Singapore, Jan 22, 2026, 14:49 SGT — Regular session
- DBS shares held steady in afternoon trading while Singapore stocks edged higher.
- A broker upgrade sparked a rally in peer UOB, keeping the sector in the spotlight.
- Traders are bracing for DBS’ Feb 9 earnings, hunting for hints on 2026 margins and dividend plans.
Shares of DBS Group Holdings Ltd ticked up 0.1% to S$58.08 by early afternoon in Singapore, following a 0.2% drop Wednesday. Trading volume hit roughly 2.1 million shares, according to MarketScreener data. (MarketScreener)
Singapore’s banks continue to dominate the local index, making this move significant as traders seek an edge ahead of earnings season with little new company news to work from. The Straits Times Index climbed almost 0.6% in early trading, according to The Business Times. (The Business Times)
For DBS, the focus isn’t on today’s trading but what the upcoming results reveal about 2026. Investors are scanning for signs that cheaper funding and loan growth might cushion the blow from falling rates, while fee income holds steady.

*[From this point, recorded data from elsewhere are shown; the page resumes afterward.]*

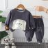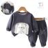– Pantalon în același ton de gri închis, cu talie elastică comodă. Are buzunare laterale și un imprimeu drăgălaș cu ursuleț, care completează armonios bluza. Tivul ușor strâns al pantalonilor oferă un aspect sportiv și ordonat. Țesătura este moale, călduroasă și plăcută la atingere pentru pielea copilului.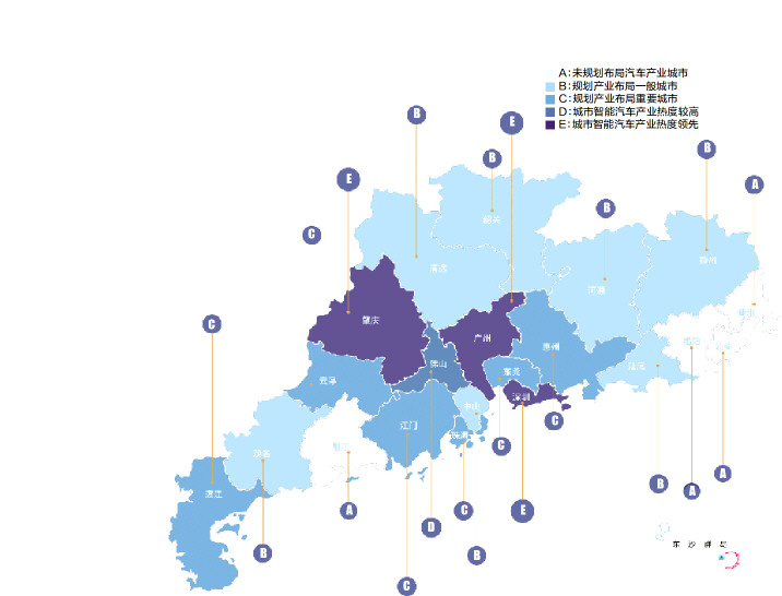 2021年10月,南方都市报智能汽车产业生态研究课题组发布《广东智能汽车产业吸引力报告(2021)》:由于新能源智能网联汽车产业的多业态融合发展特性,其已成广东省内各大城市竞相追逐的新兴产业热点。其中,广州、深圳、肇庆的智能汽车产业发展冲劲最强。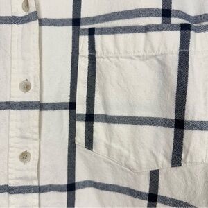 Navy blue/white windowpane plaid flannel button up shirt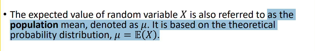 Expected value is the true population mean which is known with certainty only if the whole population is sampled.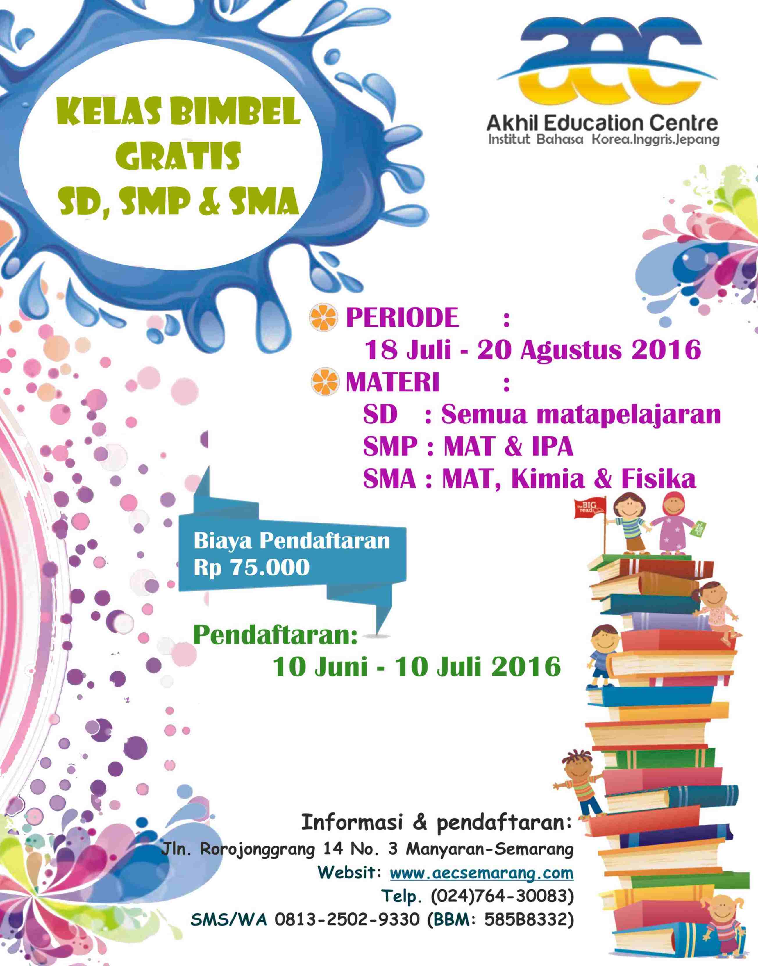 Menyambut tahun ajaran baru yang tinggal sebentar lagi Akhil Education Centre (AEC) Semarang membuka kelas Bimbingan Belajar GRATIS bagi siswa SD, SMP, hingga SMA. Kelas Bimbel GRATIS ini untuk periode 18 Juli – 20 Agustus 2016. Materi bimbingan belajar yang akan diberikan bagi siswa SD meliputi semua matapelajaran, siswa SMP meliputi matematika dan IPA sedangkan siswa SMA akan belajar matematika, fisika, dan kimia.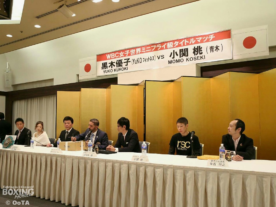 明日17日、WBC(世界ボクシング評議会)女子ミニフライ級タイトルのビッグマッチを控える王者の黒木優子(26=YuKO)と挑戦者でWBCアトム級王者の小関桃(35=青木)が、福岡市内の博多サンヒルズホテルにて調印式と前日計量を行った。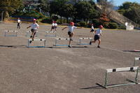 3・4年生の体育「ハードル走」の学習の様子です。今日の授業では、ハードルの間隔を5.5m、6m、6.5mとして、3つのコースを走ってみて、自分の歩幅に合う間隔のコースを一人ひとり確認しました。ハードルがある場合とハードルがない場合とのタイムがどれだけ違うのか測ってみました。これから練習を重ねて、どれだけタイムの差が縮まるか楽しみです。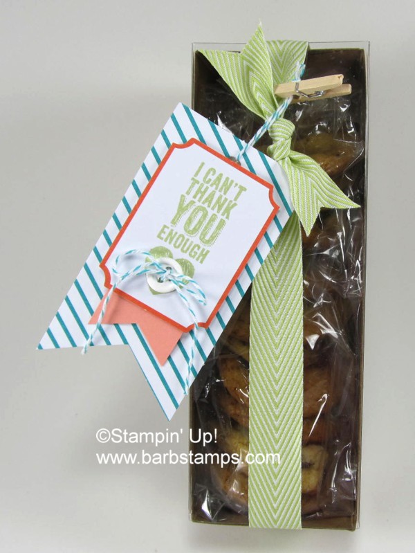 The packaged cookies were placed in the box and slipped into the acetate sleeve. I wrapped my gift with some of our trendy NEW Chevron Ribbon in Pear Pizzazz. The tags and Bermuda Bay Baker's Twine are included in the bundle and I added a snippet of Crisp Cantaloupe card stock cut into a pennant shape.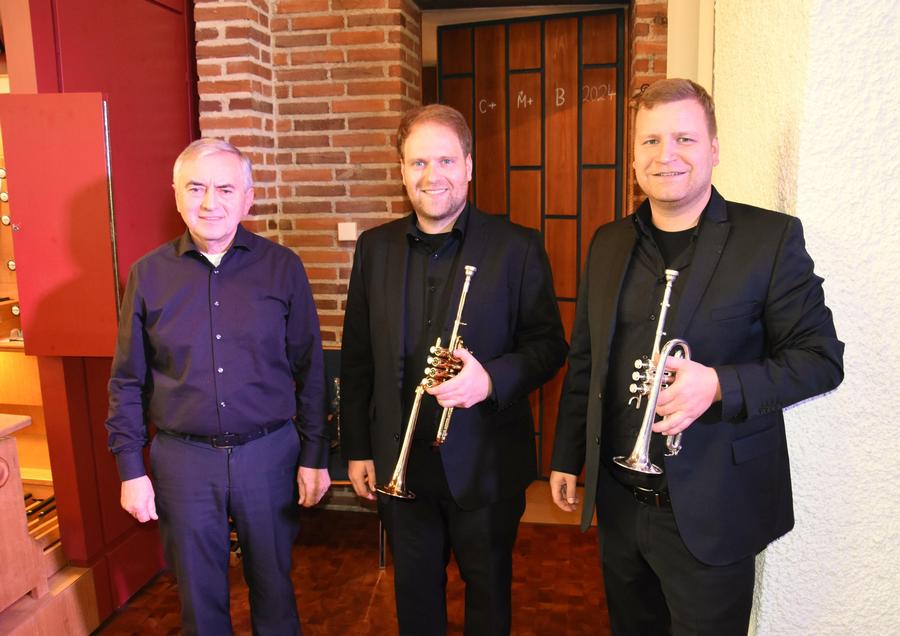 Die Ausführenden sind Sebastian Saffer und Sebastian Hensiek (Trompeten) sowie Georg Schäffner an der Orgel.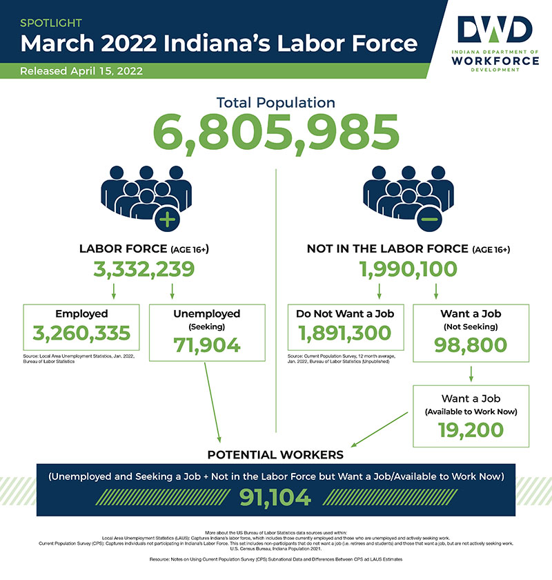 “The latest employment data continues to show a positive trend with Indiana’s labor force,” DWD Commissioner Fred Payne said. “We are encouraged by the increase in private employment and the labor participation rate. This is a great time for those out of the labor force to take advantage of the open job opportunities that could lead to economic mobility.”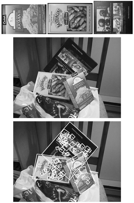 画像から得られたSIFTキーは、最近傍法によるインデックス作成に使用され、候補となる物体モデルを識別します。潜在的なモデルの姿勢に一致するキーの集合は、まずハフ変換ハッシュテーブルを用いて識別され、次に最小二乗近似を用いてモデルパラメータの最終推定値が得られます。少なくとも3つのキーがモデルパラメータに低い残差で一致する場合、物体の存在を示す強力な証拠となります。典型的な物体の画像には数十個のSIFTキーが存在する可能性があるため、画像にかなりのレベルの遮蔽があっても、高い信頼性を維持することが可能です。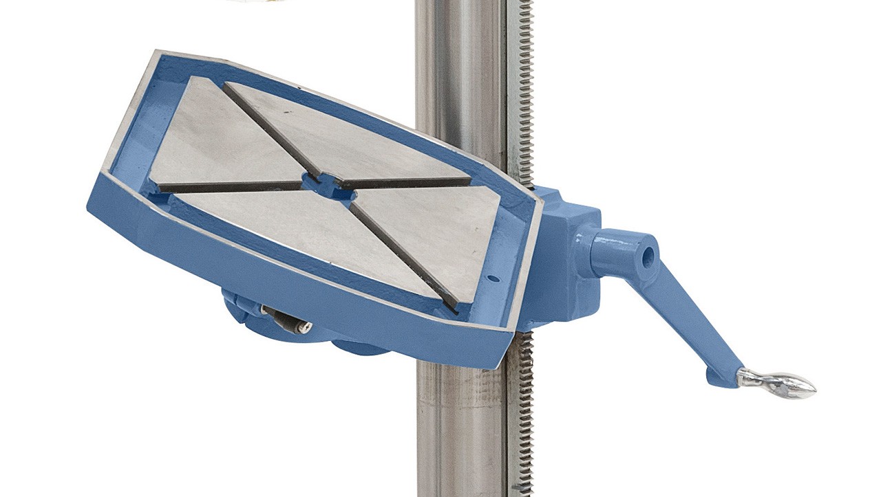 - Чавунний стіл, який обертається на 360° і нахиляється від -45° до +45°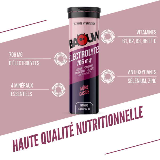 Baouw Blackberry & Blackcurrant Electrolyte Tablets support you in all your sporting challenges. Functional hydration, an ultra-natural formula and an intense fruity flavor: everything you need to support your performance without compromise.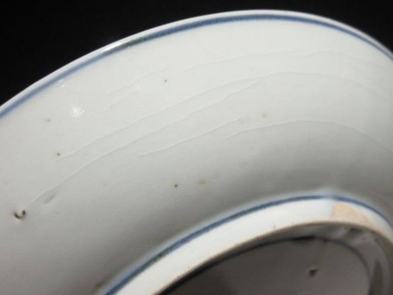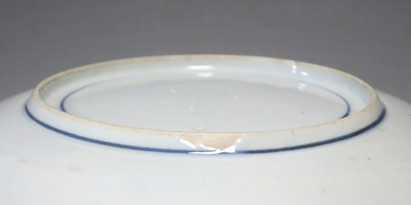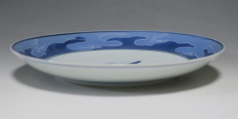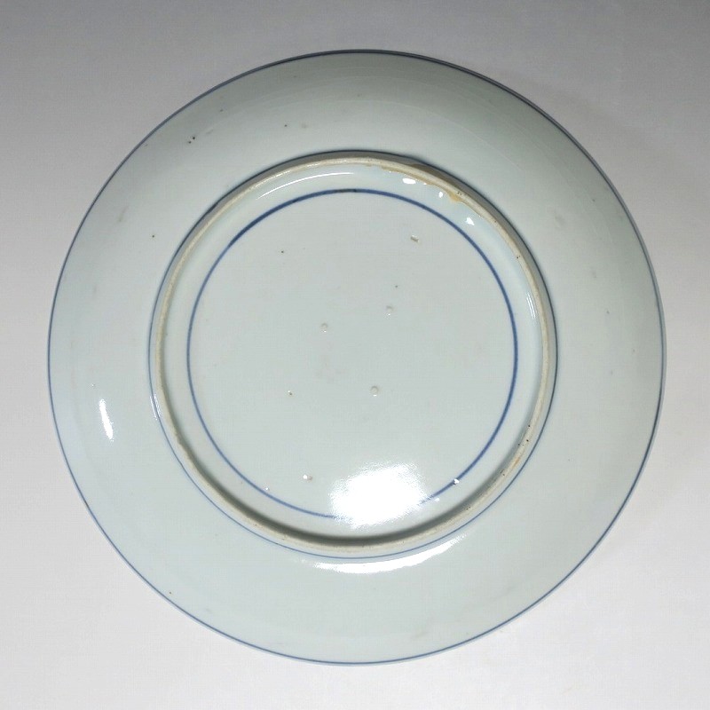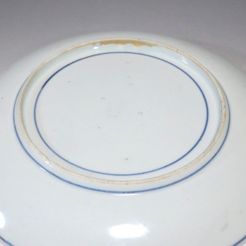 (江戸時代前期 17世紀後半) 商品番号 4225 口径 約21.3cm/高さ 約3.2cm/高台径 約12.5cm 高台に窯傷、裏の約1/4に一部甘手の部分がありますが、完品です。状態は写真でご確認ください。 藍九谷焼は初期伊万里時代を経た1650年代に有田周辺で製作された伊万里焼磁器です。17世紀前半に製作された初期伊万里は中国の染付磁器の写しでしたが、藍九谷が作られた時代は和風柄が主流となりました。本品は柿右衛門窯で製作された藍九谷の水仙流水文七寸皿。呉須と余白のバランスが美しい作品です。水仙と流水の絵が涼しさを感じさせてくれます。インテリア、食器としてお楽しみください。 | ||
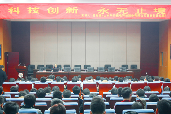 獎學(xué)金發(fā)放儀式結(jié)束后,王兆連董事長作《科技創(chuàng)新 永無止境》的專題報(bào)告,向在場的莘莘學(xué)子們分享了公司艱辛的創(chuàng)業(yè)發(fā)展史,介紹了公司的主要技術(shù)產(chǎn)品和最新的研發(fā)動態(tài)。最后,王董事長誠摯邀請優(yōu)秀的有志之士加盟華特,共同發(fā)展,實(shí)現(xiàn)人生的理想和價(jià)值。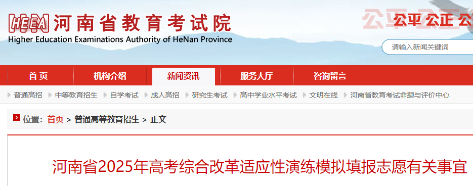 河南省2025年高考綜合改革適應(yīng)性演練模擬填報志愿工作將于3月5日開始,現(xiàn)將有關(guān)事宜告知如下:
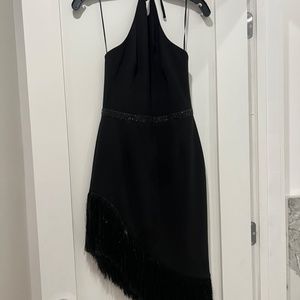 Halter Fringe Trim Angled Midi with Crystal Embellished Waist Detail

UOB grabbed the spotlight this morning. Shares jumped 2.2% to S$37.58 in early trading after Macquarie upgraded the bank to “outperform,” The Business Times reports. Macquarie analyst Jayden Vantarakis noted, “Lower rates are a double-edged sword, pressuring revenues in FY2026 but benefiting valuations.” The bank is set to release its full-year results on Feb 24. (The Business Times)
OCBC edged higher as well, last seen up 0.6% at S$20.56. On Thursday, shares fluctuated between S$20.48 and S$20.59, according to SGinvestors data. (SG Investors)
DBS operates commercial banking and financial services across Asia via its core unit, DBS Bank. Its activities cover consumer banking, wealth management, and institutional banking, according to a Reuters company profile. (Reuters)
Traders are zeroing in on guidance now, not just the headline profit. Loan growth and fee income are key, as is provisions—the cash banks reserve for possible loan losses. Net interest margin, the gap between earnings on loans and the cost of deposits, also draws close attention since it can swing rapidly with rate changes.
But here’s the rub. Should rate cuts arrive sooner than anticipated, margins could tighten more quickly, sending shares into trouble despite stable credit quality. A dip in fee income or an unexpected spike in provisions would challenge how much optimism the market has already baked in.
DBS will release its full-year 2025 results ahead of trading on Monday, Feb 9, according to a company statement. (Sgx)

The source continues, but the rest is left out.